DATA SHOWN >>
------------------------------------------------

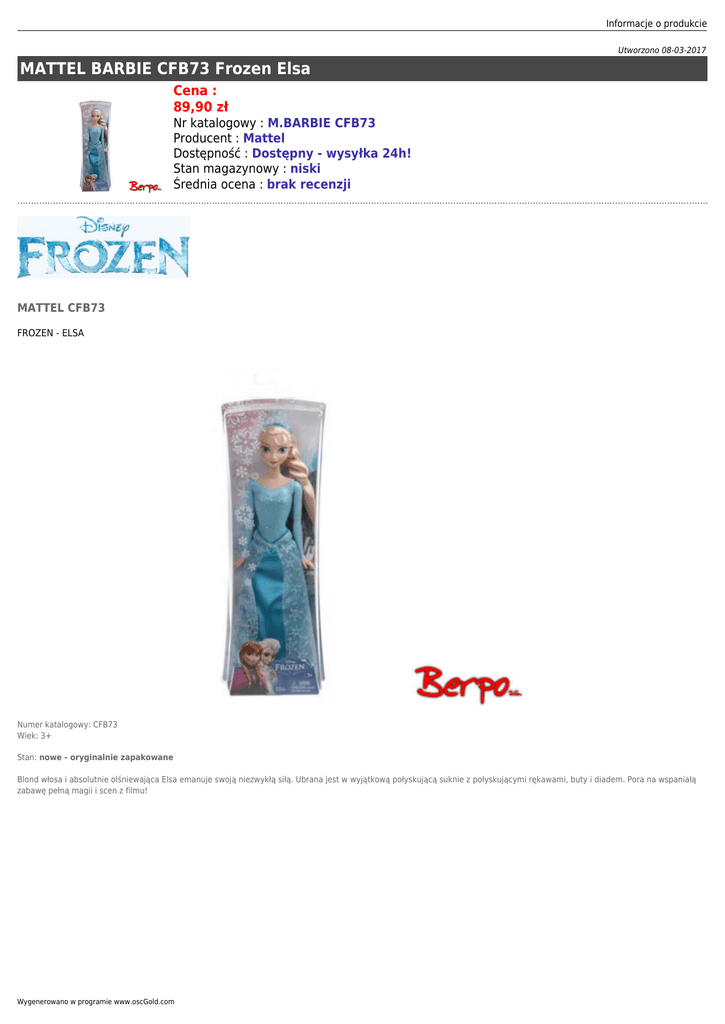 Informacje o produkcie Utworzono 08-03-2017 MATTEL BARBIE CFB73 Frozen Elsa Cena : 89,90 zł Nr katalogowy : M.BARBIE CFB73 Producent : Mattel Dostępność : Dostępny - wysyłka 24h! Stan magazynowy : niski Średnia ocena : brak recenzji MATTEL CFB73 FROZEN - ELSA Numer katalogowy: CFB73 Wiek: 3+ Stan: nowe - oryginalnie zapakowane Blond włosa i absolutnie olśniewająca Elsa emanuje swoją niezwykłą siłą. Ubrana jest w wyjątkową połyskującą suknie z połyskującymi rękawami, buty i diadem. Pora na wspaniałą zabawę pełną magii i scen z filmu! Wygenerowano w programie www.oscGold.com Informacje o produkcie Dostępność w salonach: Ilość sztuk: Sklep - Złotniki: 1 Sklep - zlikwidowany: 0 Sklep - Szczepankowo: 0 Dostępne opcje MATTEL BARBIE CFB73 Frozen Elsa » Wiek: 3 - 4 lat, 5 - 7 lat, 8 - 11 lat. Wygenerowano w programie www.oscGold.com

------------------------------------------------

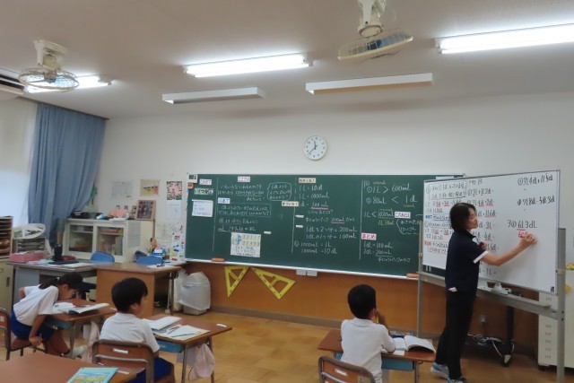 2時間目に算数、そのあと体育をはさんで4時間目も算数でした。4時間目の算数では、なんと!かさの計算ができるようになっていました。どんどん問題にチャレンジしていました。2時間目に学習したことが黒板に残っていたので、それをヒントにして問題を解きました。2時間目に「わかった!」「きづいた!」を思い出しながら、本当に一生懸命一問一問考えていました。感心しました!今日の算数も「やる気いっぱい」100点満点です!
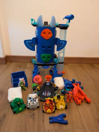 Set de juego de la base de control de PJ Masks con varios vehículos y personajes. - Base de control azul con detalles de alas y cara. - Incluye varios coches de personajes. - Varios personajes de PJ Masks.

------------------------------------------------

DIRECTIONS >>
Leave out the images and write out the lines above exactly, from the one with "2時間目に算数、そのあと体育" up to and including the one with "Set de juego".

EXERCISE SOLUTION >>
 2時間目に算数、そのあと体育をはさんで4時間目も算数でした。4時間目の算数では、なんと!かさの計算ができるようになっていました。どんどん問題にチャレンジしていました。2時間目に学習したことが黒板に残っていたので、それをヒントにして問題を解きました。2時間目に「わかった!」「きづいた!」を思い出しながら、本当に一生懸命一問一問考えていました。感心しました!今日の算数も「やる気いっぱい」100点満点です!
 Set de juego de la base de control de PJ Masks con varios vehículos y personajes. - Base de control azul con detalles de alas y cara. - Incluye varios coches de personajes. - Varios personajes de PJ Masks.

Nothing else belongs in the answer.